In some RANs, several base stations may be connected, e.g. by landlines or microwave, to a radio network controller, e.g. a Radio Network Controller (RNC) in Universal Mobile Telecommunications System (UMTS), and/or to each other. The radio network controller, also sometimes termed a Base Station Controller (BSC) e.g. in GSM, may supervise and coordinate various activities of the plural base stations connected thereto. GSM is an abbreviation for Global System for Mobile Communications (originally: Groupe Spécial Mobile).
In 3rd Generation Partnership Project (3GPP) Long Term Evolution (LTE), base stations, which may be referred to as eNodeBs or even eNBs, may be directly connected to one or more core networks.
UMTS is a third generation mobile communication system, which evolved from the GSM, and is intended to provide improved mobile communication services based on Wideband Code Division Multiple Access (WCDMA) access technology. UMTS Terrestrial Radio Access Network (UTRAN) is essentially a radio access network using wideband code division multiple access for wireless devices. The 3GPP has undertaken to evolve further the UTRAN and GSM based radio access network technologies.
According to 3GPP GSM EDGE Radio Access Network (GERAN), a wireless device has a multi-slot class, which determines the maximum transfer rate in the uplink and downlink direction. EDGE is an abbreviation for Enhanced Data rates for GSM Evolution. In the end of 4008 the first release, Release 8, of the 3GPP Long Term Evolution (LTE) standard was finalized and later releases have also been finalized.

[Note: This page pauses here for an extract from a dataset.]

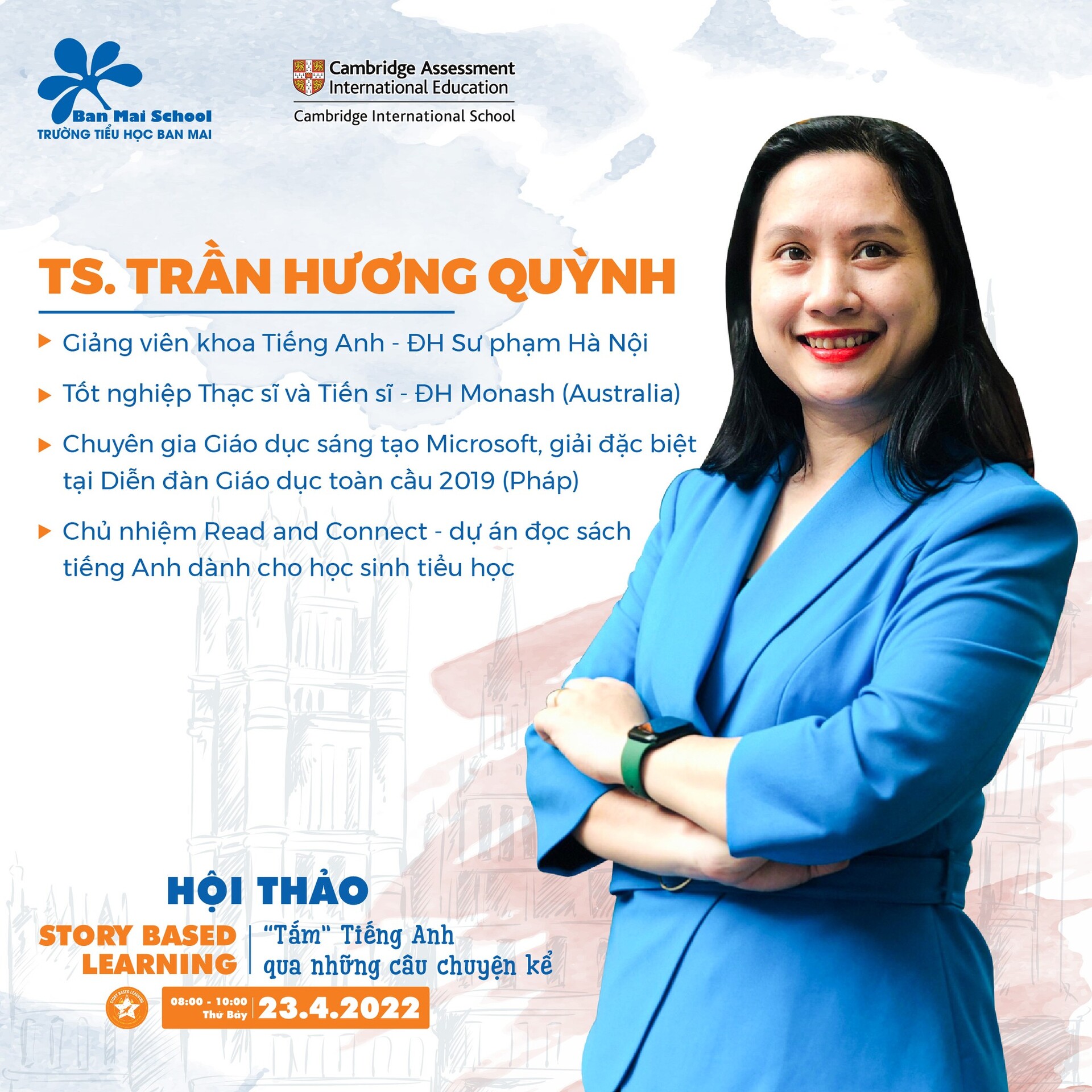 Là diễn giả chính của chương trình HỘI THẢO TUYỂN SINH “STORY BASED LEARNING” (Tắm Tiếng Anh qua những câu chuyện kể) sẽ diễn ra vào sáng Thứ Bảy, ngày 23/4/2022 tại Trường Tiểu học Ban Mai, TS. Hương Quỳnh sẽ bật mí với các bố mẹ về sức mạnh tiềm tàng và giá trị của phương pháp dạy học thông qua kể chuyện.

In the context of this disclosure, the expression Downlink (DL) is used for the transmission path from the base station to the mobile station. The expression Uplink (UL) is used for the transmission path in the opposite direction i.e. from the mobile station to the base station.
In cellular telecommunications, the term handover refers to the process of transferring an ongoing call or data session from one cell serviced by a network node connected to the core network, i.e., from a source cell serviced by a source network node, to another cell serviced a another network node, i.e., to a target cell serviced by a target network node. In a typical wireless communications network, one network node only covers one or more limited geographical area or cell; therefore, handover from a source cell to a target cell becomes a very important feature for the seamless mobility of wireless devices in the entire wireless communications network. The performance of handover also becomes an important factor that affects the user's experience.
As shown schematically in FIG. 1, in current systems, the general handover process comprises three sub-processes:
(1) When a wireless device detects a better cell which fulfills a certain requirement for handover, the wireless device sends a measurement report which comprises target cell information to inform the source network node to trigger handover preparation. Handover requirements include an offset between source cell and target cell and time delay to trigger the measurement report.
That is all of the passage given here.